Paislee peaked in 2016 with 10,824 total SSA bearers — one of several spelling variants of Paisley, and the one that reads most unambiguously feminine. At rank 643, Paislee has settled below its peak but remains a consistent presence in communities drawn to the nature-adjacent, surname-style naming aesthetic.
The Scottish Town and the Pattern
Paisley — and by extension Paislee — takes its name from Paisley, a town in Renfrewshire, Scotland, though the famous paisley pattern actually originated in Persia and Kashmir and was named for the Scottish town where it was industrially manufactured in the 18th and 19th centuries. The name carries this layered geography: Persian curves, Scottish manufacturing, and a botanical pattern that's been in and out of fashion for centuries. The Scottish connection gives the name a specific heritage anchor even as it operates as a distinctly American girls' name.

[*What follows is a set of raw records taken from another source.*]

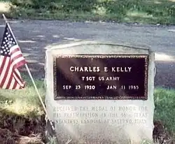 Charles E. Kelly (September 23, 1920 – January 11, 1985) was a United States Army soldier and a recipient of the United States military's highest decoration for valor—the Medal of Honor—for his actions in World War II. Kelly was the third enlisted man to be decorated with the Medal of Honor for action on the European continent, after S/Sgt Maynard H. Smith, 306th Bomb Group (St Nazaire and Brest May 1, 1943) and Flight Officer (a temporary, non-commissioned warrant rank) John C. "Red" Morgan, 92nd Bomb Group, Hanover, July 28, 1943.
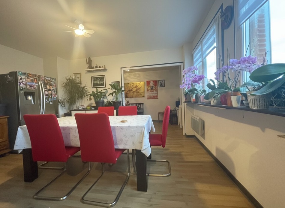 Appartement traversant au quatrième étage avec ascenseur . Entrée, cuisine aménagée ouverte sur un double séjour,2 chambres, placards de rangements, salle d'eau, wc séparé,cave. Appartement rélié au réseau de chaleur bois urbain. Les informations sur les risques auxquels ce bien est exposé sont disponibles sur le site Géorisques : www.georisques.gouv.fr »
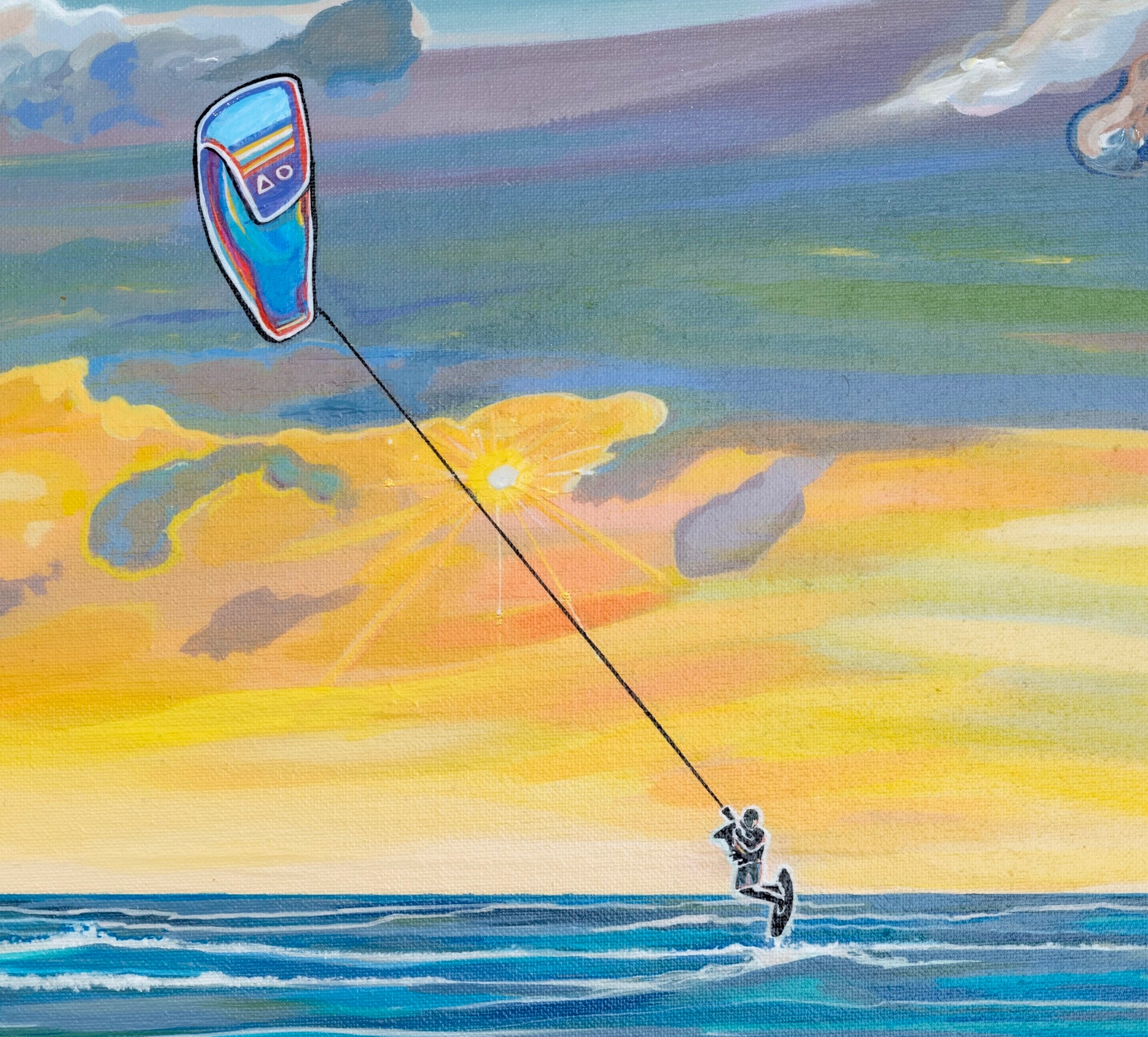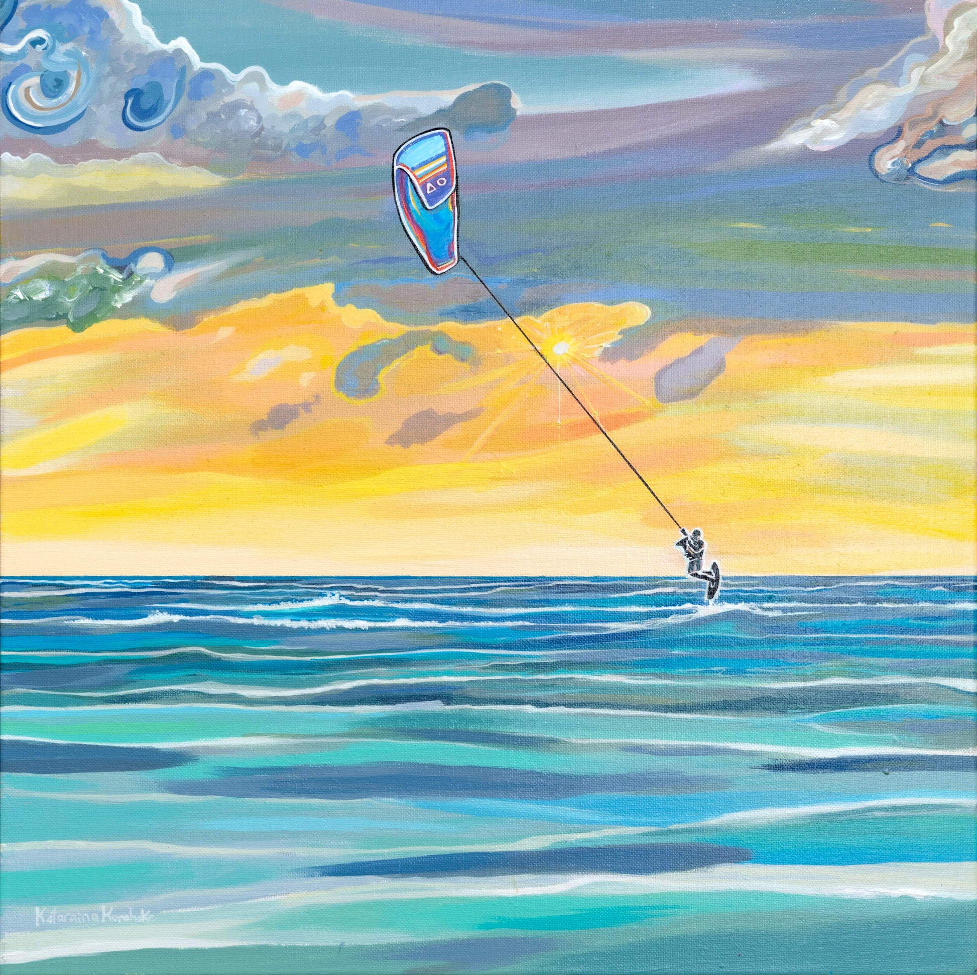 During these walks, I often had the pleasure of witnessing kite surfers in action, I became captivated by their skill which inspired me to create this painting.
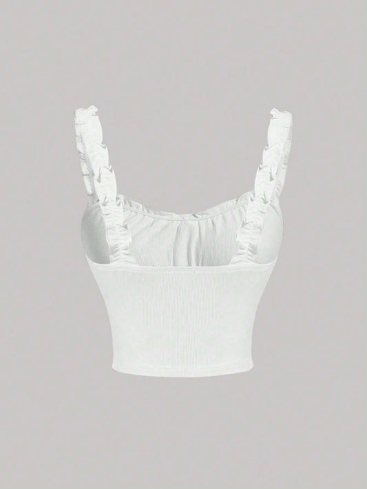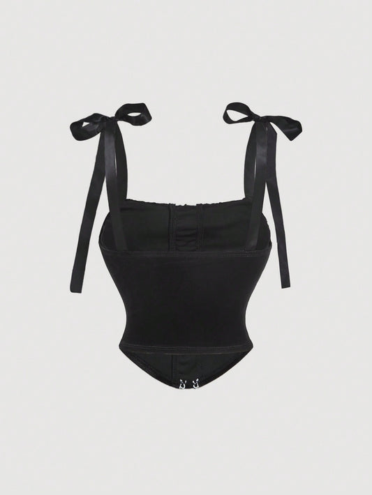 SHEIN MOD Top ribete fruncido con lazo delantero ancho tirantes
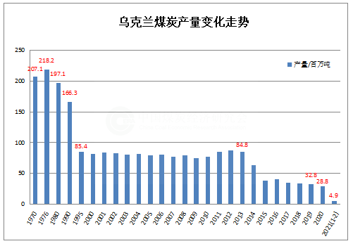 據(jù)烏克蘭能源與煤炭工業(yè)部(Energy and Coal Industry Ministry)數(shù)據(jù)顯示,2020年,烏克蘭煤炭產量為2881.8萬噸,比2019年的3122.44萬噸減少減少240.6萬噸,同比下降7.7%。
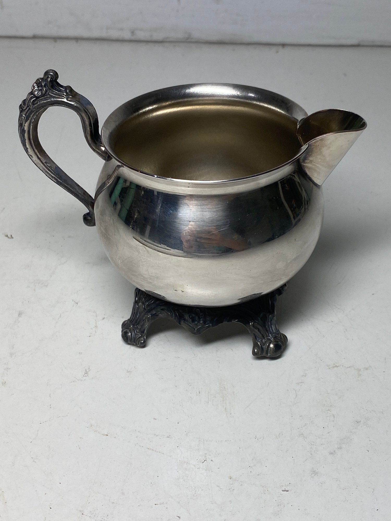 This beautiful creamer has some minor tarnishing here and there but overall is a beautiful shiny piece! It is marked “ FB rogers 2305” on the bottom and measures 3.75” to the top of the handles.
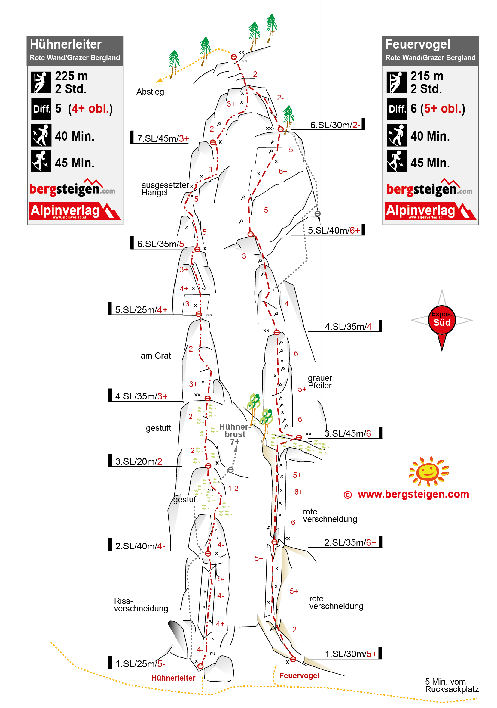 Vom Parkplatz der Roten Wand auf Forststraße in Richtung Buchebensattel, in der ersten Kehre auf gut sichtbaren Steigspuren nach rechts aufwärts bis zum Rucksackplatzl (Stein mit Holzbrett). Von dort (ohne Rucksack) links weiter zum Einstieg im Felsenwinkel bei der markanten roten Verschneidung vorbei zum Einstieg an der markanten Kante.
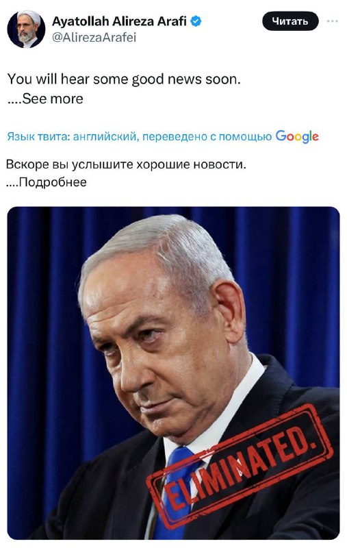 Исполняющий обязанности Верховного лидера Ирана заявил что скоро будут «хорошие новости» по Нетаньяху и «сегодня высокомерию сионистов придет конец». Наблюдаем 🍿 немного подуло
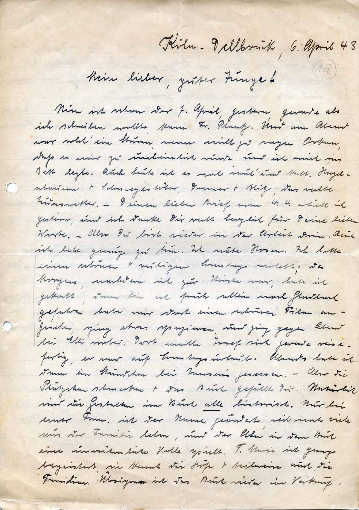 Anna Schmitz an ihren Sohn Rudolf, 6. April 1943
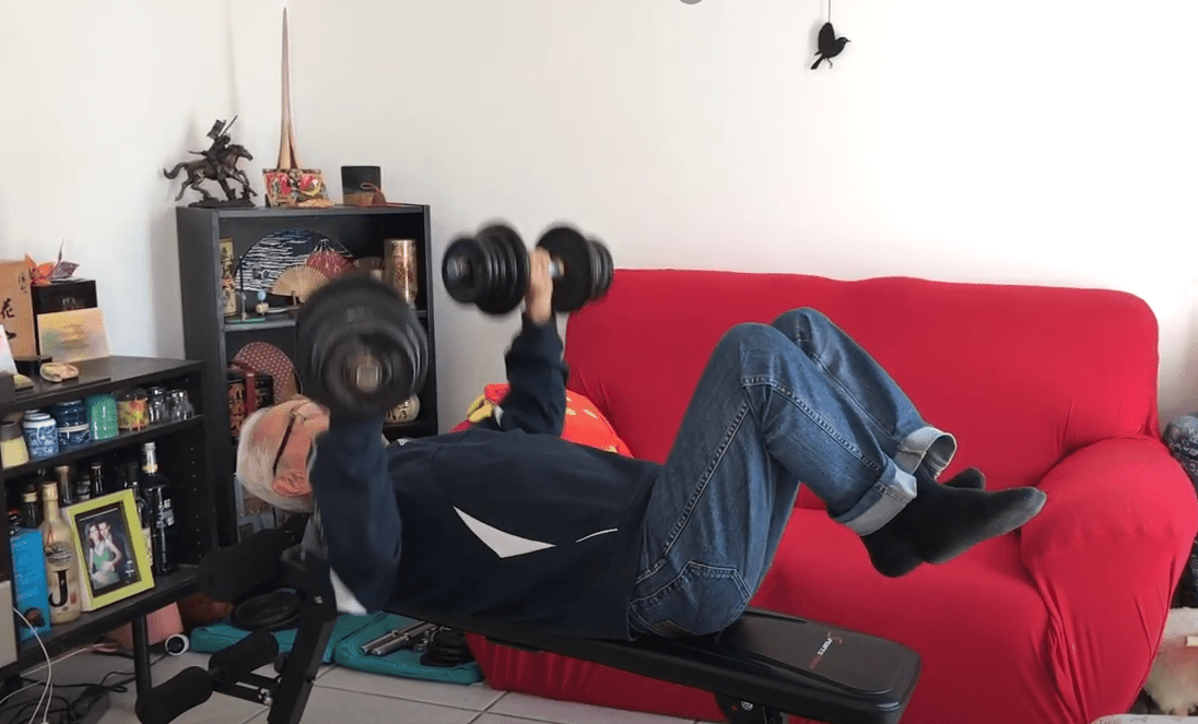 Maître Mochizuki effectue une de ses routines quotidiennes de renforcement musculaire dans son salon en jean sans place spécifique et avec très peu de matériel.
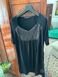 Vestito corto colore nero,ha sul davanti delle paillettes il tessuto è di maglina
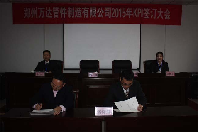 鄭州萬達(dá)管件制造有限公司2015年KPI簽訂會(huì)于1月30號(hào)在公司行政區(qū)會(huì)議室隆重舉行,公司班長(zhǎng)以上所有管理人員參加了此次簽訂會(huì)議。簽訂會(huì)分為三級(jí)簽訂,即:董事長(zhǎng)與總經(jīng)理簽訂、總經(jīng)理與公司各高管簽訂、公司各高管與分管的各部門負(fù)責(zé)人簽訂,近期,各部門負(fù)責(zé)人將部門的KPI指標(biāo)進(jìn)行分解,與各班組及相關(guān)崗位簽訂目標(biāo)責(zé)任書,達(dá)到“千斤重?fù)?dān)人人挑,人人肩上有指標(biāo)”的責(zé)任分解領(lǐng)受,確保最終順利完成公司2015年度各項(xiàng)任務(wù)和目標(biāo)。
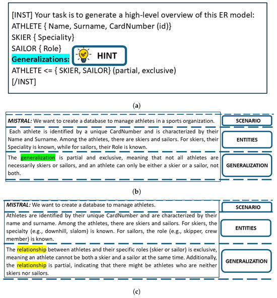 Figure 4c shows the description provided by the LLM when the hint is omitted. The critical point is that the ER construct is incorrectly referred to as “relationship” holding “between athletes and their specific roles (skiers or sailor)”. This description seems to suggest that the concepts of athlete, skier, and sailor are perceived as three separate and independent concepts, whereas the ER model indicates the presence of only one concept (athlete) of which the other two are specializations.
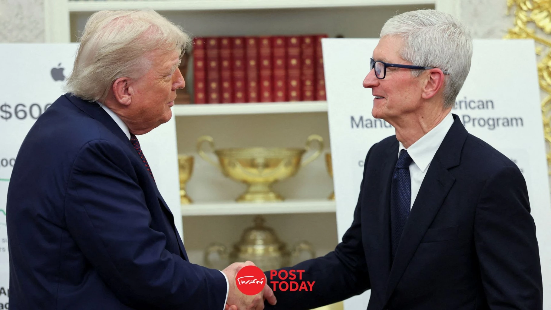 ในบรรยากาศของห้องทำงานรูปไข่ ณ ทำเนียบขาว เมื่อวันพุธ ทิม คุก ได้ประกาศต่อหน้าประธานาธิบดีทรัมป์ และรองประธานาธิบดี เจดี แวนซ์ ว่า
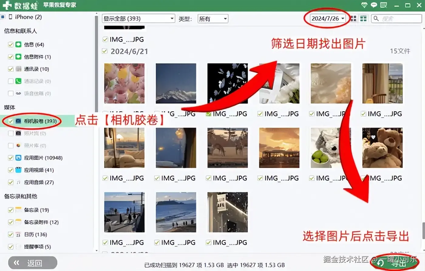 步骤3:查看应用栏,选择需要恢复的手机应用数据,如 【相机胶卷】 ,点击可恢复的相机照片,确认后导出,保存至电脑中即可。
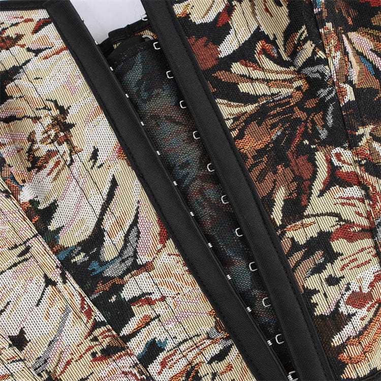 Women's Gothic Lace-up Floral Jacquard Overbust Corset
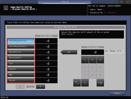 Objects of Adjustment: Text/Photo (printing), Text/Photo (photographic paper), Photo (printing), Photo (photographic paper), Text, Copied Original, Map, Ink-jet
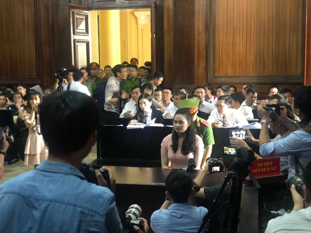 Tại phòng xử trước giờ bắt đầu phiên toà, hotgirl Ngọc Miu bị vây kín bởi loạt ống kính PV nhưng lúc này bị cáo đã tỏ ra thoải mái hơn.
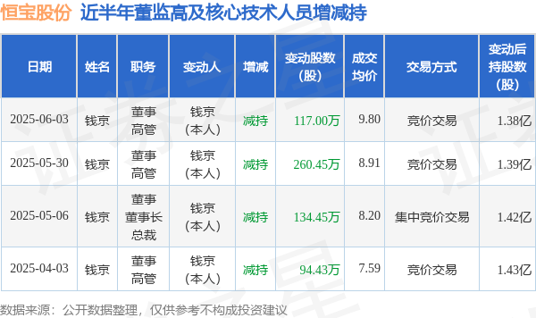 恒宝股份近半年内的董监高及核心技术人员增减持详情如下:
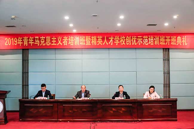 近日,白菜官网2019年青年马克思主义者培训班暨精英人才学校创优示范培训班开班典礼在学术交流中心二楼报告厅隆重举行。学校党委委员、副校长霍雄飞出席本次典礼,团委全体人员、各二级学院团总支书记、青马班全体学员、创优班全体学员以及2019级各学院团总支、学生分会等学生干部共200余人参加了报告会。报告会由团委副书记曲鹏主持。

The -ee/-ley/-leigh Spelling Question
Paislee is one variant among several: Paisley (the most common), Paisleigh, and Paislee. The -lee ending reads as the most informal and American of the group; the -ley ending is most standard; -leigh is the most formal. Paislee signals a specific aesthetic choice — parents who chose this spelling wanted the warmth of the -ee close over the formality of -ey. Neither choice is wrong, but the spelling affects how the name reads on paper vs. how it sounds in person.
The Sibling Set
Paislee pairs naturally with names in the same warm-vintage register: Kinley, Oakleigh, Emberly, and Clover. These names share a quality of feeling both found and invented, rooted in place names and nature but worn as something personal. The -ee ending creates a visual warmth that -a ending names don't quite match, and Paislee is one of the most established names in this specific aesthetic category.